Good people fear the tongue of man more than the eye of God. Pythagoras was right when he said: “The wound from a tongue is worse than a wound from a sword; for the latter affects only the body, the former the spirit.” The great Tamil bard Thiruvalluvar had said the same before him but in different words: “An injury is much sooner forgiven than an insult”. In fact, this saint poet had devoted ten couplets, out of 1330 couplets of his immortal work Thirukkural for the proper use of the tongue. The chapter is titled ‘Adakkamudaimai’ (Self-control). And we get the following maxims only from the book: “Through fault of the tongue, eyes have to shed bitter tears”,  “A guarded tongue adds richness to the rich”, “A single bad word will destroy all other good”, “Self-control takes one to the gods; its lack to utter darkness”, “There is nothing more precious in life than the guarded tongue”, etc..

Remember Luciana of Shakespeare’s The Comedy of Errors? When she gives good counsel to Antipholus of Syracuse for forgetting a husband’s office, she says: “Be not thy tongue thy own shame’s orator”. Truly, the tongue is as slippery as an eel and as powerful as an alligator in the water. We should be on the alert, else the loss is ours.

Once a fisherman had a good catch. He found amidst several varieties a strange one in his net. He had only heard of such a fish in folk tales told by his grandparents. Wishing to make it a present to the king, he took the fish to the royal court. “Here is an unusually strange fish, your Majesty, fit enough to be added to the royal museum,” said the fisherman. The king was really surprised to see the quizzical fish. He ordered his finance minister to give the fisherman a bag of gold containing one thousand pieces.

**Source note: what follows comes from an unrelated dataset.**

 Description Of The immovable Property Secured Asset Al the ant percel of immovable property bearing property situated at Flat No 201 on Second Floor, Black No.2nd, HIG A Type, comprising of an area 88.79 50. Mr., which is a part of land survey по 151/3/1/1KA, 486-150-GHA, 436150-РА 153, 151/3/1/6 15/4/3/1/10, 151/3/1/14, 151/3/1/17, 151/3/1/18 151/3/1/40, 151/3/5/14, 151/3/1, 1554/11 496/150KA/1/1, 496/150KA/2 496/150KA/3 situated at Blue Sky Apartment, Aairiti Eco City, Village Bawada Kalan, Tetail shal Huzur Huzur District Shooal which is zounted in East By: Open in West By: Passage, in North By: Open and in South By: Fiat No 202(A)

The minister parted with the bag, but not without a grudge.

“The price you have paid for that silly fish is too much,” the minister whispered to the king.

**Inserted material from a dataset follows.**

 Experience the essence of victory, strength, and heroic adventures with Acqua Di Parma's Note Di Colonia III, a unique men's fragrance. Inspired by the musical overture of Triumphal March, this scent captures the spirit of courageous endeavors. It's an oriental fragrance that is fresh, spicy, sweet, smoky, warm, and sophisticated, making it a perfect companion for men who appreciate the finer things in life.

“It is a prize,” corrected the king, “to the fisherman for thinking of bringing it to me”. The minister wanted to play foul and so requested the king to permit him to find the truth of the matter. The king readily agreed.

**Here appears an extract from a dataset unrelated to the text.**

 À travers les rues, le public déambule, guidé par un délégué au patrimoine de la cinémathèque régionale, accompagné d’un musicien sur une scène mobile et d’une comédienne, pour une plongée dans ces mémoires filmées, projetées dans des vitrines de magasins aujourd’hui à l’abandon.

“Is this fish male or female?” asked the minister. His intention was to return the fish and get back the bag of gold. So he said to himself, “Say male, I will ask for a female; say female, I will ask for a male.”

When he asked the fisherman, the latter replied in a jiffy, “Sir! This is neither male nor female. That is why it is an odd fish worthy to be exhibited in the museum.”

Pleased with the answer, the king ordered his minister to give the fisherman another bag of gold with one thousand pieces in it. When the second bag of gold changed hands it gave way at the seams and one gold coin escaped and started rolling on the floor.

The fisherman ran after the coin and picked it up. The minister awaiting lame excuse, began to bully: “Oh, don’t you know that we are not allowed to pick up anything that fell to the ground? Whatever falls to the earth becomes Mother Earth’s property. It is a law in our country. For disobeying the law you will have to pay a penalty of two thousand pieces of gold.”

The king looked at the poor fisherman. But his presence of mind was really stunning. He said in all humility, “Sir, There are certain things that are above the law. I have noticed the king’s head on one side of the coin and a flower on the other side. As per law if I allowed the coin to remain on the floor, passers-by who fail to notice its presence may step on it. Stepping on the king’s head would only amount to disgracing the king. As a sincere and honest citizen, I can’t tolerate that. That’s why I picked up the fallen coin.”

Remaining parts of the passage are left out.